Paolo Polidori (4 January 1778 - 23 April 1847) was an Italian cardinal of the Catholic Church.

==Biography==
Paolo Polidori was born in Iesi, Marche; where he studied at the seminary of Perugia.

He was ordained as a priest in 1800 and became vicar general of Viterbo and later of the suburbicarian diocese of Ostia. During the French occupation of Rome, he was arrested and exiled from the city until 1814. He continued his career in the Roman Curia as Secretary of the Congregation of the Council. He was appointed Secretary of the papal conclaves of 1829 and 1830-1831.

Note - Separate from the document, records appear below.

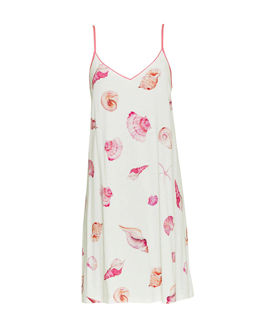 The comfortable straps and strappy chemise design evoke the tranquillity of beach mornings, while the charming pink shell print adds a touch of coastal sophistication.
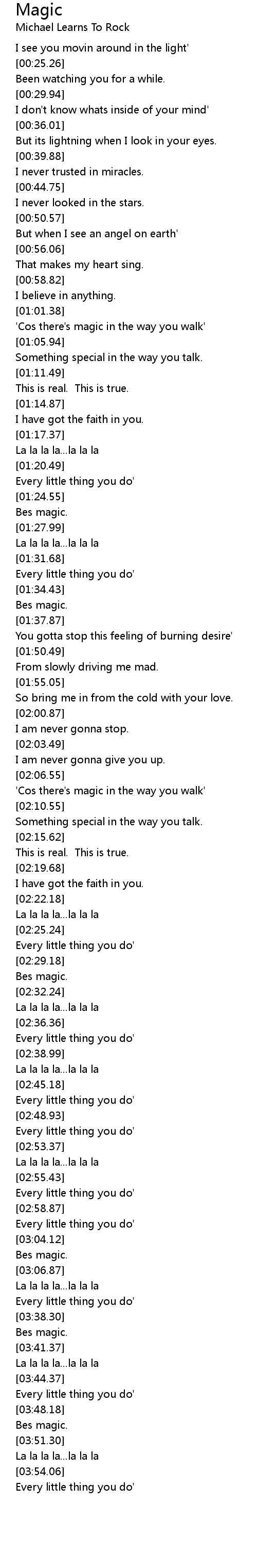 'Cos there's magic in the way you walk' |
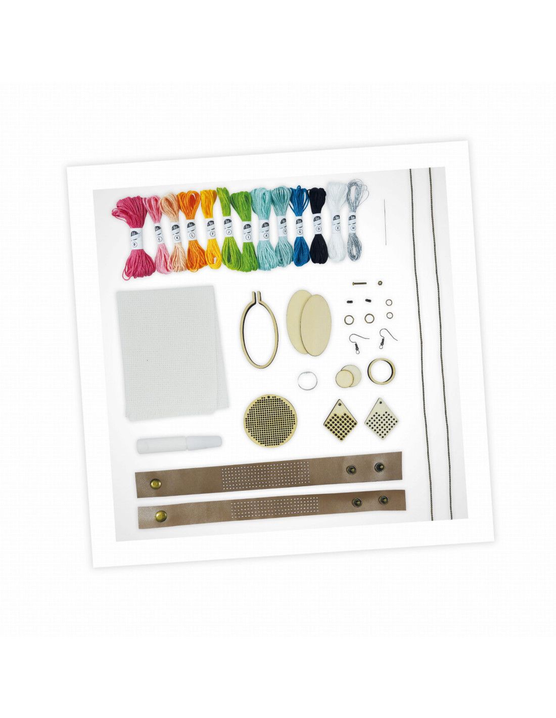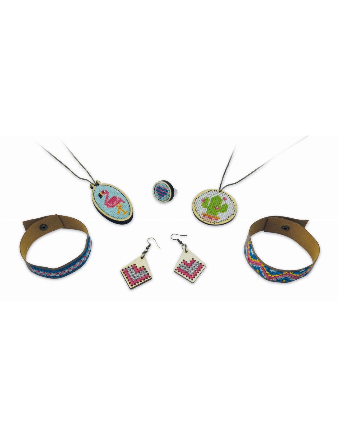 Zestaw do stworzenia 6 różnych elementów biżuterii - wisiorków, kolczyków, bransoletek i pierścionka przy użyciu techniki haftu krzyżykowego.
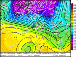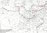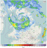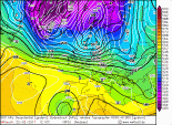 Orkantief "Thomas" am 23. Februar Die nördliche Strömung an der Westseite tiefem Luftdrucks über Island resultierte am 21.02. in einem Kaltluftvorstoß über dem Nordatlantik. Die durch die Tiefs "Rolf" und "Stefan" bereist ausgeprägte Frontalzone wurde dadurch nomals verstärkt. Warme subtropische Luftmassen lagen weit im Norden über dem Atlantik (5 °C in 850 hPa bei ca. 50 °N). Mit dem Kaltluftvorstoß verstärkte sich der horizontale Temperaturgradient, sodass sich eine Differenz von ca. 10 K auf nur wenigen 100 Kilometern einstellte. Hebung an der Vorderseite des nach Süden vorstoßenden Höhentrogs machte die Entstehung eines Bodentiefs am Mittag des 21.02. knapp 1000 Kilometer westlich von Irland möglich. Innerhalb von 24 Stunden sank der Bodendruck in der Folge von ca. 1005 hPa auf unter 980 hPa. Die rasche Entwicklung des Tiefs, welches mittlerweile den Namen "Thomas" bzw. im englischen Sprachraum "Doris" erhalten hatte, ist wahrscheinlich neben der günstigen Lage vorderseitig des Höhentrogs auch mit der sogenannten "Dry Intrusion" verbunden. Dabei gelangt trockene Luft stratosphärischem Ursprungs in die obere Troposphäre und scheibt sich unter die feuchte Luft in Zentrumsnähe des Tiefs. Auf dem Wasserdampfbild vom 23.02. 03 UTC ist die geringe Konzentration über Irland gut ersichtlich. Druckfall resultiert in der Regel durch die "Dry Intrusion" da die feuchten Luftmassen gehoben werden und es zur Kondensation kommt. Die frei werdende latente Wärme führt zu einer Erwärmung der Luft, was gleichzeitig mit einem Druckfall verbunden ist. Neben dem Druckfall hat die Dry Intrusion bei einigen Tiefdruckgebieten nach dem Modell der Shapiro-Keyser-Zyklone auch die Ausbildung eines Sting Jets (hohe Windgeschwindigkeiten an der Süd- bzw. Südwestflanke des Tiefs) zur Folge. Ob bei "Thomas" ein Sting Jet vorhanden war lässt sich nicht abschließend bestätigen. Die hohen Windgeschwindigkeiten im Landesinnern von England könnten allerdings auf einen Sting Jet zurückzuführen sein. Die Dry Intrusion von stratosphärischer Luft ist jedenfall auf den Wasserdampfbildern gut erkennbar.
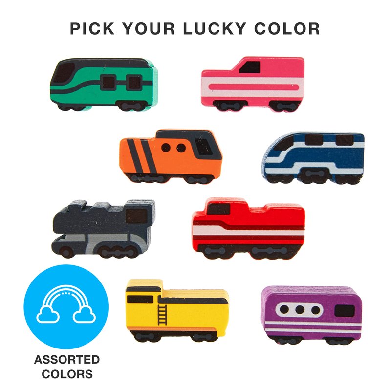 - Pick Your Lucky Color: Choose between red, yellow, green, blue, pink, orange, purple, or black. This pack comes with 8 wooden trains, each a different color, and 6 markers to match
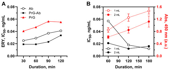 (A) Effect of oriented antibody coating and competitive stage duration on assay sensitivity. Ab, coated antibody; PrG, coated protein G in self-assembly assay; PrG-Ab, antibody captured by protein G in step-by-step assay; (B) dependence of IBA parameters on the duration of incubation. Each IC50 values were calculated from the standard curves generated from respective assay variants using triplicate ERY concentrations. Absorbance values represented by average (n = 3) ± SD.
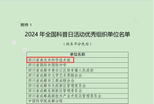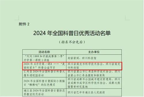 近日,中國科協(xié)辦公廳發(fā)布了《中國科協(xié)辦公廳關(guān)于對2024年全國科普日有關(guān)組織單位和活動予以表揚的通知》,其中南充市科學(xué)技術(shù)館榮獲“2024年全國科普日活動優(yōu)秀組織單位”的殊榮,同時該館舉辦的2024 年《開學(xué)第一課——美麗的家鄉(xiāng)》科普公益節(jié)目更是被評為“2024年全國科普日優(yōu)秀活動”。至此,南充市科學(xué)技術(shù)館已連續(xù)三年獲得此榮譽稱號。
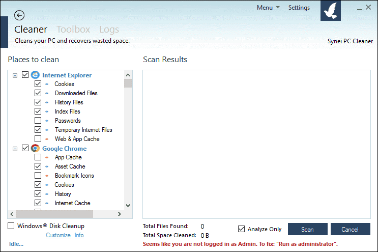 Synei PC Cleaner harika bir araçtır ve aynı zamanda ücretsiz ve taşınabilirdir, bu yüzden denememek için bir sebep yoktur.
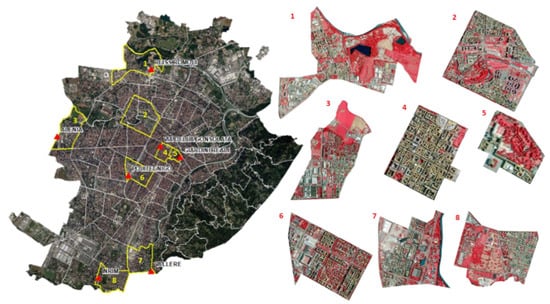 The development of cities, with the consequent use of territory and the increase in built-up areas, causes some environmental issues, such as the urban heat island (UHI) effect, which is able to increase the air temperature by 2%–5% in a city, affecting noise and air pollution, and storm water run-off [1]. Buildings are one of the main contributors toward increments in the local urban air temperature [2]. UHI mitigation has become one of the priorities of the European Union, which has promoted green infrastructure using policy initiatives and incentives in order to reach sustainable and resilient cities [3]. Various UHI mitigation strategies may be used to improve the indoor and outdoor thermal comfort in urban areas [4]. For example, the absence of vegetation in a high-density urban context is one of the factors that contribute toward the increase in urban air temperatures. Green roofs could represent a solution for the development of resilient urban cities as they promote the mitigation of the microclimate, energy savings, reductions in atmospheric and sound pollution, reductions in the water runoff speed, the growth of biodiversity, better performances of photovoltaic coverage panels and social and economic benefits [5]. Covering roofs with vegetation helps to mitigate the UHI effect by modifying microclimate and local climate [6]. A map can be created, through an analysis of the land cover, to identify green urban spaces, such as parks, playgrounds and residential green areas [7]. Moreover, through the use of a geographic information system (GIS) tool, it is possible to analyze the presence of vegetation according to the availability of the data. An analysis of the green spaces in urban contexts is essential for urban planning to identify sustainable policies in order to improve the quality and comfort of indoor and outdoor spaces in a city [8]. In order to assess the sustainability of a neighbourhood or a city, it is possible to refer to environmental protocols, such as the LEED (leadership in energy and environmental design) protocol. LEED introduces a weighting system which, on the basis of several indicators, allocates points according to the ability to reduce environmental problems. For example, the solar reflectance index (SRI) is used to minimize the effects of UHIs on microclimates and on human and wildlife habitats.
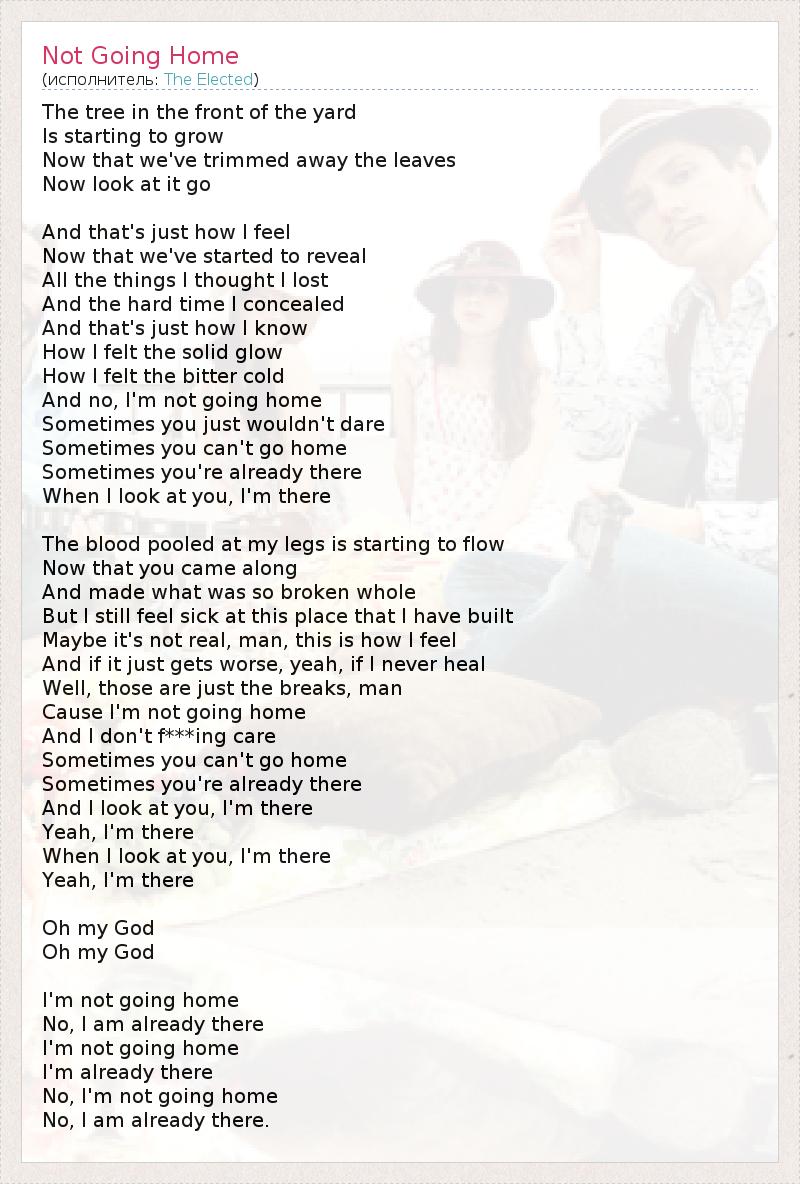 The tree in the front of the yard Is starting to grow Now that we've trimmed away the leaves Now look at it go And that's just how I feel Now that we've started to reveal All the things I thought I lost And the hard time I concealed And that's just how I know How I felt the solid glow How I felt the bitter cold And no, I'm not going home Sometimes you just wouldn't dare Sometimes you can't go home Sometimes you're already there When I look at you, I'm there The blood pooled at my legs is starting to flow Now that you came along And made what was so broken whole But I still feel sick at this place that I have built Maybe it's not real, man, this is how I feel And if it just gets worse, yeah, if I never heal Well, those are just the breaks, man Cause I'm not going home And I don't f***ing care Sometimes you can't go home Sometimes you're already there And I look at you, I'm there Yeah, I'm there When I look at you, I'm there Yeah, I'm there Oh my God Oh my God I'm not going home No, I am already there I'm not going home I'm already there No, I'm not going home No, I am already there.
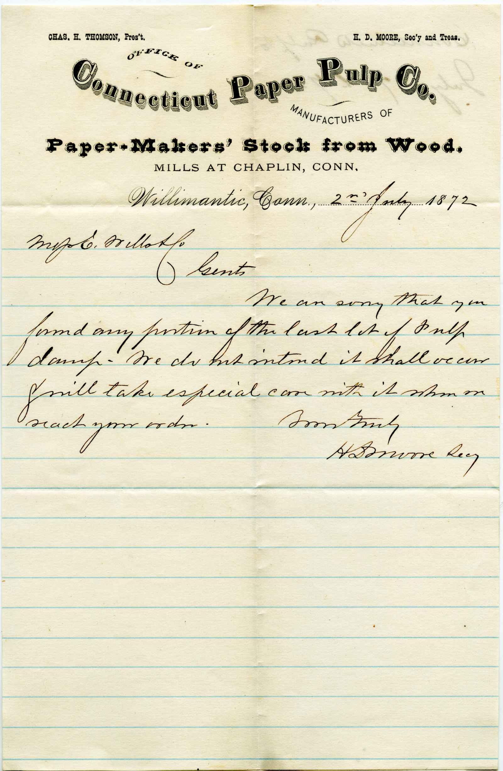 letter; Connecticut Paper Pulp Company - Paper Maker's Stock From Wood - Willimantic, Ct.
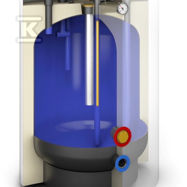 Wymiennik c.w.u. SB-201 stojący z dwoma wężownicami w komplecie z grzałką elektryczną z termostatem GRW-2.0kW/230V, 6/4 o numerze katalogowym   DLW008 w kategorii Wymienniki C.W.U.>Wymienniki pionowe. Produkt wyprodukowany przez markę KOSPEL, seria SB.
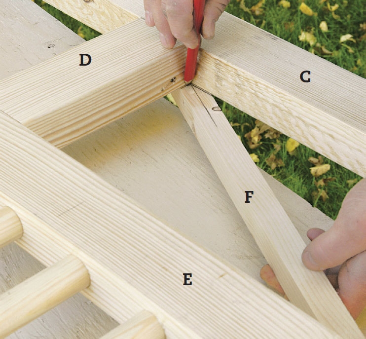 Mät upp för det mittersta krysset av delarna D och E i ramen. Därefter kan du såga och stämma ut för de fogar som behövs. När du limmar och sedan skruvar får du en mycket stark fog.
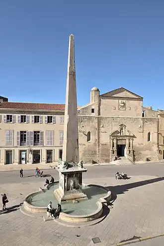 - ↑ M. S., « Arles : l'Obélisque de la place de la République, fin prêt pour la restauration », La Provence, (lire en ligne)
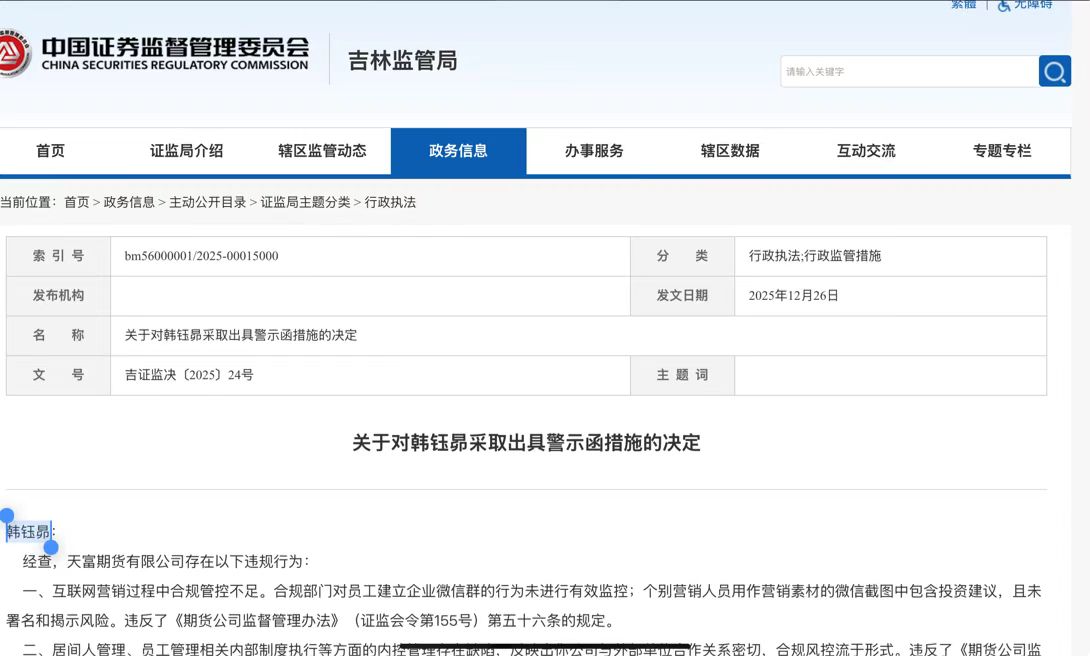 具体来看,吉林证监局表示,在互联网营销过程中合规管控不足。合规部门对员工建立企业微信群的行为未进行有效监控;个别营销人员用作营销素材的微信截图中包含投资建议,且未署名和揭示风险。
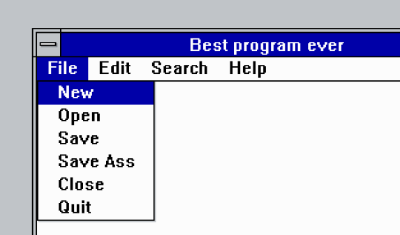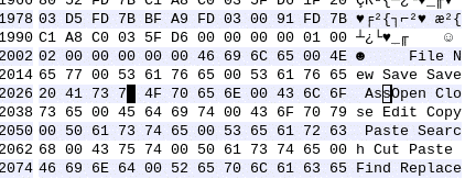 What happened? He had forgotten the null-terminator. You can see it in the code above. One small typo, big effect. The developer started panicking. The presentation would be in 10 minutes! He couldn't show this to his bosses, potential clients and investors. But there was no C compiler on the presentation computer. His mind was racing: "Maybe I can quickly run up to my office? That would take 5 minutes. Boot the computer, hand-count all the new indices , recompile, copy ... 5 more minutes. Run back ... No there's simply no time for that!". The presentation could not be delayed either. So MacGyver-style, he looked around the PC, if there were any tools lying around, which he could somehow use to quickly fix this. And he got lucky. He found a HEX-Editor which would allow him to alter the compiled program directly. But with this tool you can't insert new characters, you can only edit existing ones. He had to make the menu item one character shorter to fit in the missing \0. He briefly thought about removing the space, and converting it so SaveAss\0, but that looked ugly. In the end, he chose so sacrifice the second "s" in "Ass" instead, as this also made sense.

Polidori was made cardinal priest of Sant'Eusebio in the consistory of 23 June 1834 by Pope Gregory XVI. He was made Prefect of the Congregation of the Regular Discipline on 21 November 1834. He opted for the title of Santa Prassede on 12 July 1841 after the suppression of the Sant'Eusebio title in 1839. He was then appointed Prefect of the Congregation of the Council on 15 September 1841 and held that post until his death.

Polidori was named titular archbishop of Tarsus on 22 January 1844 and received his episcopal consecration on 11 February. He participated in the papal conclave of 1846.

Polidori died on 23 April 1847 in Rome and was buried in the church of Sant'Ignazio in accordance with his will.